HOW TO COMPLETE THIS TASK → Look through the material below. Return exactly the lines from the one with "Celebrating Open Data" through the one with "Leírás: 1923. 1000K", both included.

EXCERPTED DATA →
= = = = = = =

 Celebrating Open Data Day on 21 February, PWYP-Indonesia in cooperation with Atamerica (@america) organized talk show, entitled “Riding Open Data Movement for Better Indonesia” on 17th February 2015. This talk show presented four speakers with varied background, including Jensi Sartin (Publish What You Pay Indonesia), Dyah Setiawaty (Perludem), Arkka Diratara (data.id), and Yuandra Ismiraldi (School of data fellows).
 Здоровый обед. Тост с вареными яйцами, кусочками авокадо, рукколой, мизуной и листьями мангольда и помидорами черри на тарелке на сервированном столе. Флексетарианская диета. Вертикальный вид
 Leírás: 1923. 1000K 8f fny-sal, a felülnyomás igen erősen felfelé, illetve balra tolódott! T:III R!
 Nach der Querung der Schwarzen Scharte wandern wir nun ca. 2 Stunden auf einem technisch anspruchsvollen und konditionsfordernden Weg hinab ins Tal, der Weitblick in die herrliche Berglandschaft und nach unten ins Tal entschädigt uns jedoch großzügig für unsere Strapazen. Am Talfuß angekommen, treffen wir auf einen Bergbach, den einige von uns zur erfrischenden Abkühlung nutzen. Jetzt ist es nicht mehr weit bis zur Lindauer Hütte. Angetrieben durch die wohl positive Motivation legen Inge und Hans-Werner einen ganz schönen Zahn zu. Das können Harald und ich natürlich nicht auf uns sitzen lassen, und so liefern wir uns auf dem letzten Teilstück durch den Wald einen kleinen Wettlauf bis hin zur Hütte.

= = = = = = =

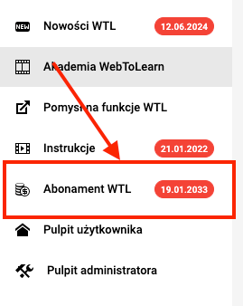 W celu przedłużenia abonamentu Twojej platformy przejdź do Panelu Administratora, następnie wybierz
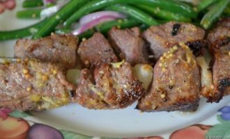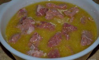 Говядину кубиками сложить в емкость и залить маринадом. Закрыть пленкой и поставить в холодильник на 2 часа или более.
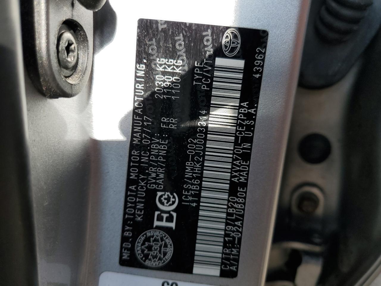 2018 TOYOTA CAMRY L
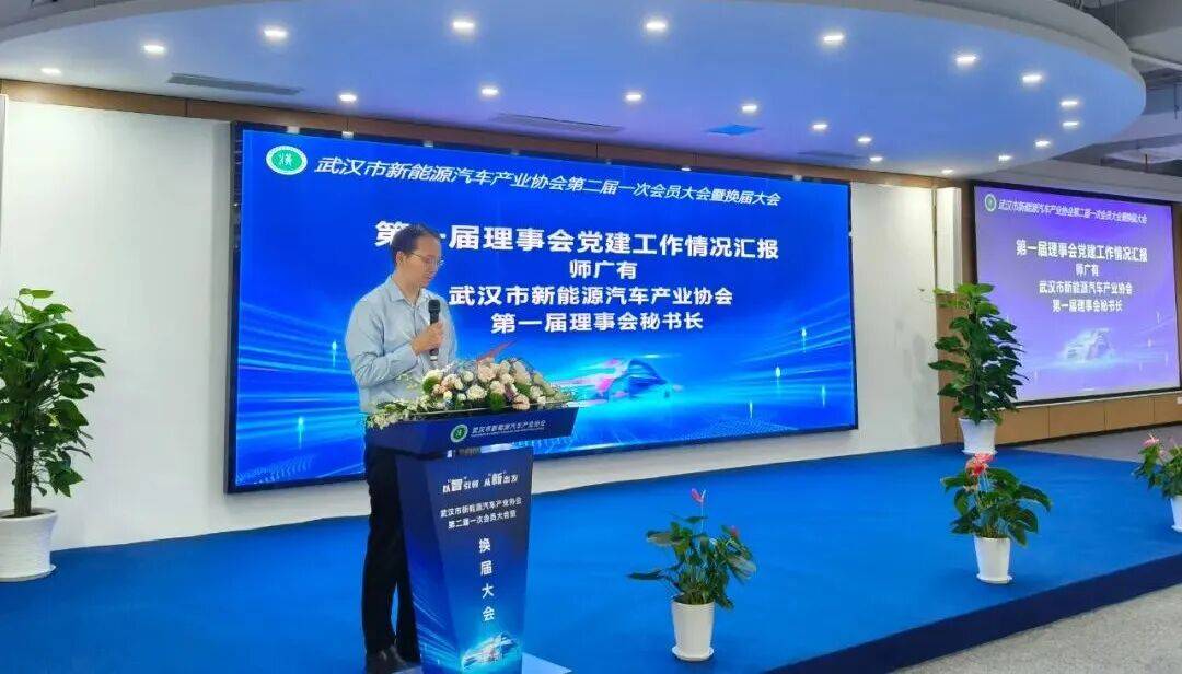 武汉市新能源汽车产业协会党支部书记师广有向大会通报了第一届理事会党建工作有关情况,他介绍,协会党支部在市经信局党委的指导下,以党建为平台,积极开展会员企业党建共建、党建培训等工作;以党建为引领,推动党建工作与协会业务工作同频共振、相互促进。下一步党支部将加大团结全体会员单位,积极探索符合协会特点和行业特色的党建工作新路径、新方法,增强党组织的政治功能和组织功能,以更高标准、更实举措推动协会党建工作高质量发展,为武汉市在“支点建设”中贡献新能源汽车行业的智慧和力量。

= = = = = = =

WRITTEN ANSWER →
 Celebrating Open Data Day on 21 February, PWYP-Indonesia in cooperation with Atamerica (@america) organized talk show, entitled “Riding Open Data Movement for Better Indonesia” on 17th February 2015. This talk show presented four speakers with varied background, including Jensi Sartin (Publish What You Pay Indonesia), Dyah Setiawaty (Perludem), Arkka Diratara (data.id), and Yuandra Ismiraldi (School of data fellows).
 Здоровый обед. Тост с вареными яйцами, кусочками авокадо, рукколой, мизуной и листьями мангольда и помидорами черри на тарелке на сервированном столе. Флексетарианская диета. Вертикальный вид
 Leírás: 1923. 1000K 8f fny-sal, a felülnyomás igen erősen felfelé, illetve balra tolódott! T:III R!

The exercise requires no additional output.